(Data to examine Opens)
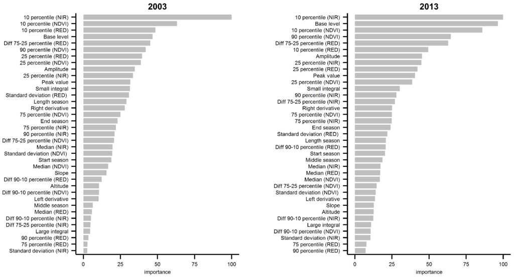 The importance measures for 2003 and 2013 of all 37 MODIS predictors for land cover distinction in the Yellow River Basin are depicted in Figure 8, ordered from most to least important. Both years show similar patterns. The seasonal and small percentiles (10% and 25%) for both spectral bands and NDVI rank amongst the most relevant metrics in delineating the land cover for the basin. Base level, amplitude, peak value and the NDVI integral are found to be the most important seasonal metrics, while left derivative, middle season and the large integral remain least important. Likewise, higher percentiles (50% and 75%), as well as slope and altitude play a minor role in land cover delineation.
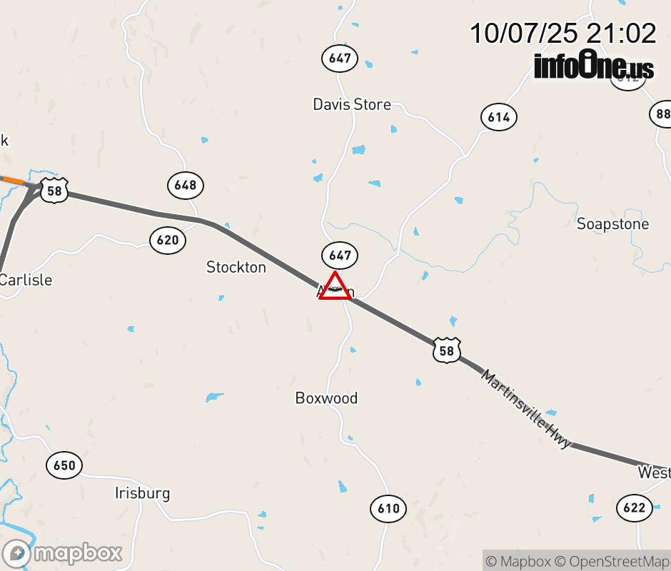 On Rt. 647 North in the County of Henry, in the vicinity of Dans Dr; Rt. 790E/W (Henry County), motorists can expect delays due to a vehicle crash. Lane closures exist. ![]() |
(Data to examine Closes)
(Data to examine Opens)
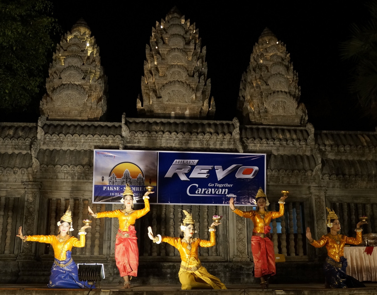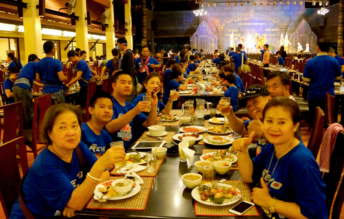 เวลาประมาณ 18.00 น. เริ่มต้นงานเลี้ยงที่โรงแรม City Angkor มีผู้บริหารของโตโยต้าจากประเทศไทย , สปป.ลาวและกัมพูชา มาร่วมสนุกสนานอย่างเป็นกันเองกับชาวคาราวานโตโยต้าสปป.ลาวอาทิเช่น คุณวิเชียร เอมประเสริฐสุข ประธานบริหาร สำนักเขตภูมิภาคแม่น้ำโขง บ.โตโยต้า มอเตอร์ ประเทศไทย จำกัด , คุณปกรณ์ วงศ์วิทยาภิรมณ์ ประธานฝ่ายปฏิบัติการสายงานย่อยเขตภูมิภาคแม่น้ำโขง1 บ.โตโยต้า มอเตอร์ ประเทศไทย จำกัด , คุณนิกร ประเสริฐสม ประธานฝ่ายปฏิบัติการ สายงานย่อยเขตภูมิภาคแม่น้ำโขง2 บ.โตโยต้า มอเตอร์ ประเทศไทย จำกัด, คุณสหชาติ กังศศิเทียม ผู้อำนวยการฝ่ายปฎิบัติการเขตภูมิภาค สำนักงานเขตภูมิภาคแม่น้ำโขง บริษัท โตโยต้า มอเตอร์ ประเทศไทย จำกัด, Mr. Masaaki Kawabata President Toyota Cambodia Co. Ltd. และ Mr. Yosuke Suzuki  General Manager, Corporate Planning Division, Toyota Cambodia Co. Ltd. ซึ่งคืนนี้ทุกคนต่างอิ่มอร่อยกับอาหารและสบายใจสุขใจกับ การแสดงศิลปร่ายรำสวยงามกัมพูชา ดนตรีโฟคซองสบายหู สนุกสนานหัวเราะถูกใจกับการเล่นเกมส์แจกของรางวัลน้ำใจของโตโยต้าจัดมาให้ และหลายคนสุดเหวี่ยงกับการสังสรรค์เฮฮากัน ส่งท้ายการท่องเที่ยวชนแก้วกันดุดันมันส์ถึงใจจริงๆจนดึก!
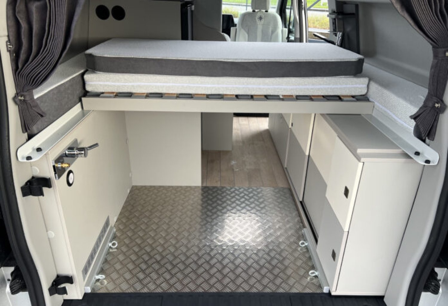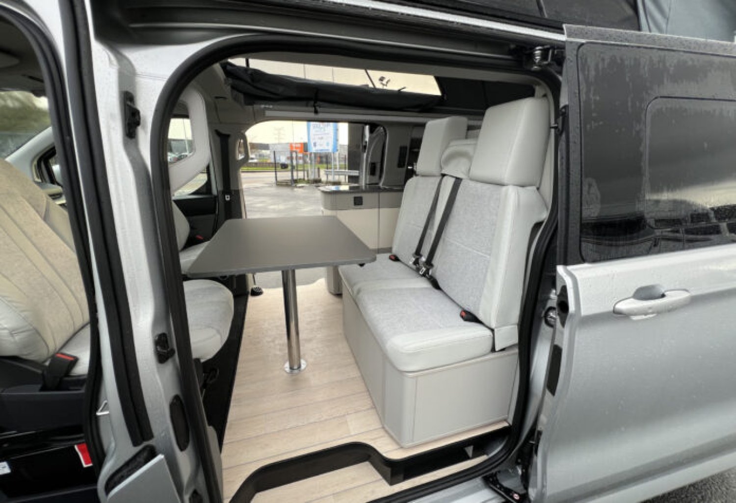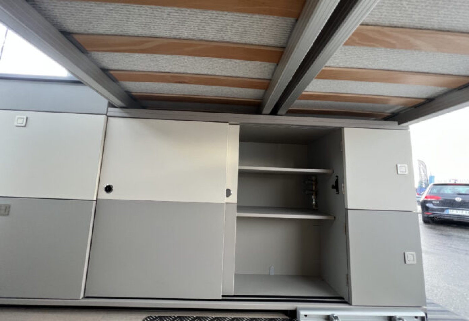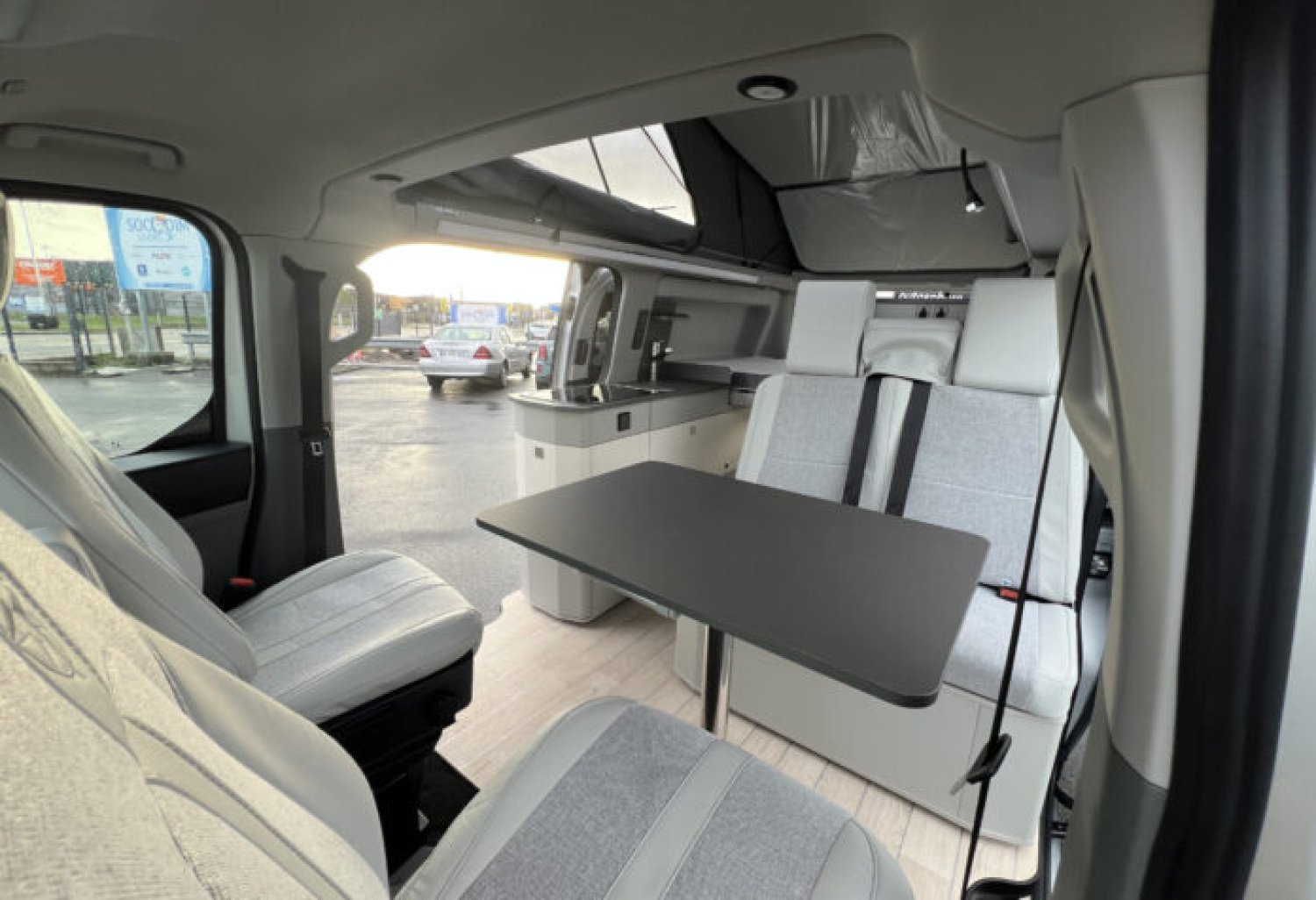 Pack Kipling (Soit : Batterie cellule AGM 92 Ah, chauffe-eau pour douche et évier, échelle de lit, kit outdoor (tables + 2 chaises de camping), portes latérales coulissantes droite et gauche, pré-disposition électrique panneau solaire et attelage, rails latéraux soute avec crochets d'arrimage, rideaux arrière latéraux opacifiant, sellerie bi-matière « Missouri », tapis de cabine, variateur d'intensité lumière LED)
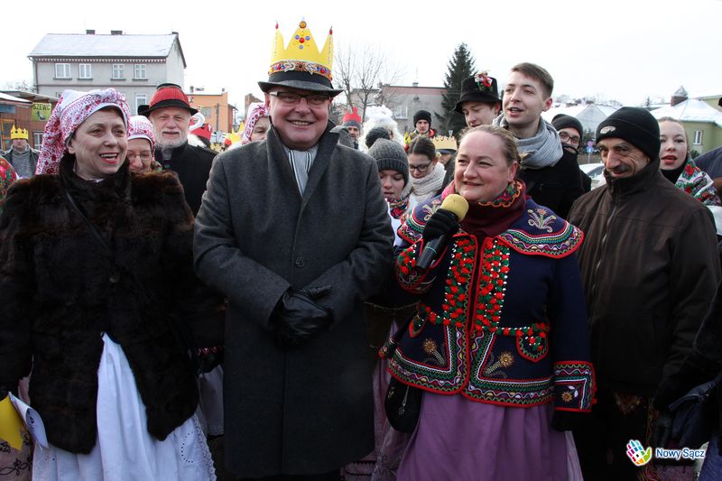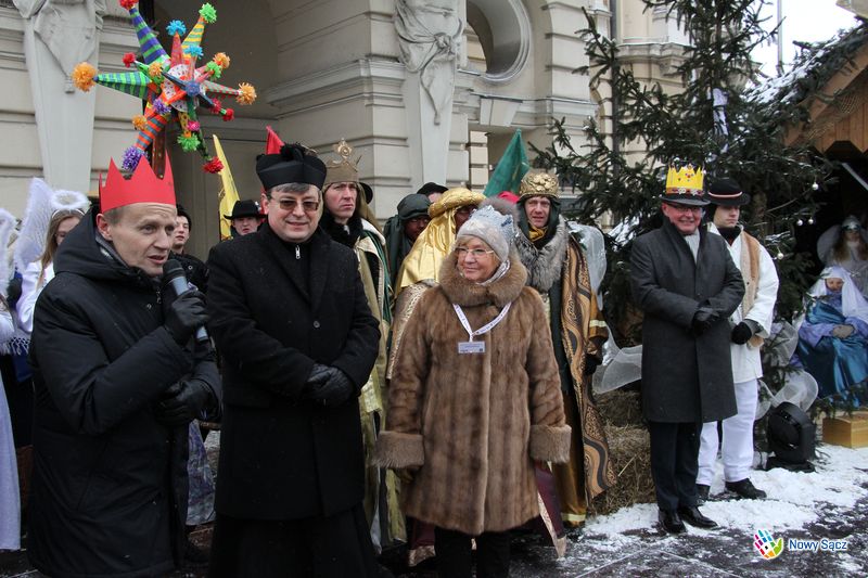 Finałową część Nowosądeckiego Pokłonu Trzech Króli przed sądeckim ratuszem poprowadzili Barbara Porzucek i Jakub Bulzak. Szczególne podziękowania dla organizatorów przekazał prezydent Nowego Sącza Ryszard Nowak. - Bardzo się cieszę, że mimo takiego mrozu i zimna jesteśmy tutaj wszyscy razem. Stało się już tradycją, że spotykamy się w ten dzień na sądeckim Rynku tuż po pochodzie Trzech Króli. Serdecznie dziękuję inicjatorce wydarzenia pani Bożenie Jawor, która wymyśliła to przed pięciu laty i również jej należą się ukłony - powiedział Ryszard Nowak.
(Data to examine Closes)
» **Required action**: I would like the exact lines from the data above, starting with the one that holds "The importance measures" and going on through the one that holds "On Rt. 647 North", without the pictures.

» **Output for this task**:
 The importance measures for 2003 and 2013 of all 37 MODIS predictors for land cover distinction in the Yellow River Basin are depicted in Figure 8, ordered from most to least important. Both years show similar patterns. The seasonal and small percentiles (10% and 25%) for both spectral bands and NDVI rank amongst the most relevant metrics in delineating the land cover for the basin. Base level, amplitude, peak value and the NDVI integral are found to be the most important seasonal metrics, while left derivative, middle season and the large integral remain least important. Likewise, higher percentiles (50% and 75%), as well as slope and altitude play a minor role in land cover delineation.
 On Rt. 647 North in the County of Henry, in the vicinity of Dans Dr; Rt. 790E/W (Henry County), motorists can expect delays due to a vehicle crash. Lane closures exist. ![]() |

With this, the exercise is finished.